Diversos saraus habitam as grandes cidades brasileiras, onde a poesia é servida quente, trocada no calor das relações humanas presenciais. A poesia falada e corporalmente compartilhada nunca foi tão popular, no Brasil. Nunca o foi tanto quanto ao número de pessoas envolvidas em eventos espalhados por todo o país; quanto à origem delas, oriundas das classes populares, em sua maior parte. E popular também porque algo que se destaca nestas cenas é a centralidade cultural das periferias, onde a maioria destes recitais se encontra.
É possível perceber que a poesia compartilhada e, especialmente, a produzida nos ambientes destes eventos, tem uma relação muito especial com o suporte em que é trocada – o corpo – e com o local onde se dá essa troca – o território. São eventos cuja própria existência, muitas vezes, é um manifesto cultural, de intervenção e apropriação urbana. E eventos onde o ato de falar é performativo em sua própria condição de recriador do mundo.
Esta edição da Revista Z Cultural vem observar a confluência de dois temas muito comuns na produção e no pensamento cultural contemporâneos, Corpo e Território, em suas relações com a poesia corporalmente compartilhada hoje.
De um lado, os estudos de performance, e das dinâmicas de oralidade e letramento, aplicados à poesia usufruída coletivamente. A busca de entendimentos mais profundos sobre as estruturas, e estratégias, destes recitais.

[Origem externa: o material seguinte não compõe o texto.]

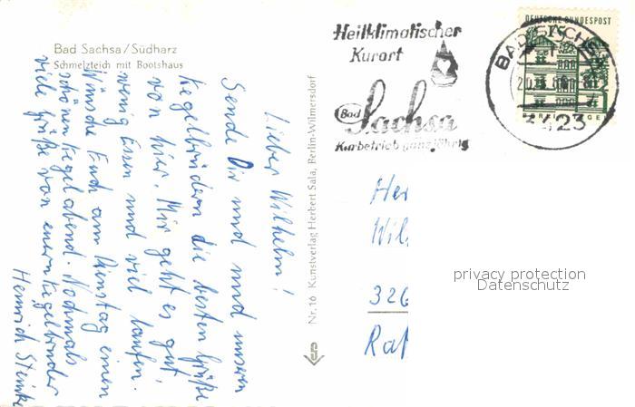 72844545 alte Postkarte Bad Sachsa Harz Schmelzteich Bootshaus postalisch gelaufen Erhaltung siehe scans [KathaD81] KatCode: 11110003156003

Como a corporalidade da poesia se manifesta diferentemente em cada lugar, e quais as constantes que se podem retirar de observações distintas entre si.
Por outro lado, os estudos de geografia cultural, as identidades envolvidas no uso dos territórios. A realização dos saraus como um gesto ousado de autonomia e independência cultural de alguns específicos lugares dentro de específicas cidades. Pontos de aglutinação de pessoas e troca de conhecimentos. Centros coletivos de produção de discursos políticos identitários, tanto dentro das comunidades quanto para fora delas – reflexão e projeção.
Para buscar renovadas leituras críticas sobre tais corpoeticidades – onde a poesia vira habitação; e a cidade, linguagem – a Revista Z Cultural propõe a presente reflexão sobre Corporalidade e Territorialidade na Poesia Falada contemporânea.